Monastery in Armenia

Tsaghats Kar Monastery (Ցաղաց քար վանք) is an Armenian monastery located along the mountain foothills overlooking the Yeghegis River, between the villages of Yeghegis (6 km northeast) and Horbategh in the Vayots Dzor Province of Armenia. The monastery is located within walking distance of the fortress of Smbataberd.

The church was built in the 10th century during the Bagratid kingdom. There is historical information about the construction of the church in the work of the historian Asoghik. Tsaghats kar was a medieval educational institution, they studied painting there, and there is a hypothesis that the choice of the name has something to do with the name of the flowered stone (Armenian Ծաղկած Քար or Ցաղաց Քար).

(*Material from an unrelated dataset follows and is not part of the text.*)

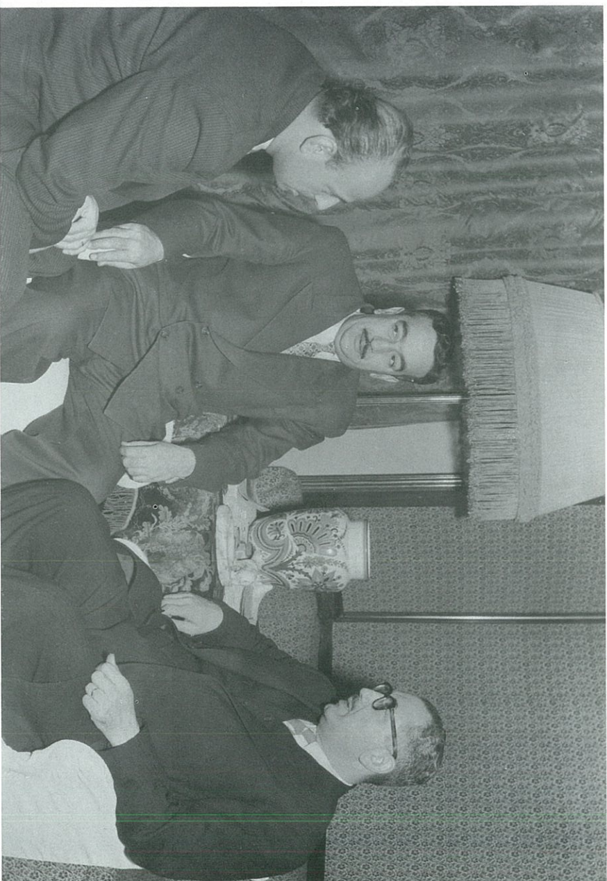
نتولا شاوي - خالد بكداش - يوسف فيصل في موسكو عام ١٩٥٦

There are two groups of structures at the site that are separated by a distance of 200 meters (656 feet). The grouping to the west, now half-ruined, was constructed of rough-hewn basalt.

Within the complex of Tsaghats Kar is Surb Hovhannes church built in 989, Surb Karapet church of the 10th century, and many other structures that are in ruins. Saint Karapet is a cupola hall type structure, with a sacristy in each of the four corners. Numerous khachkars may be seen around the monastery as well.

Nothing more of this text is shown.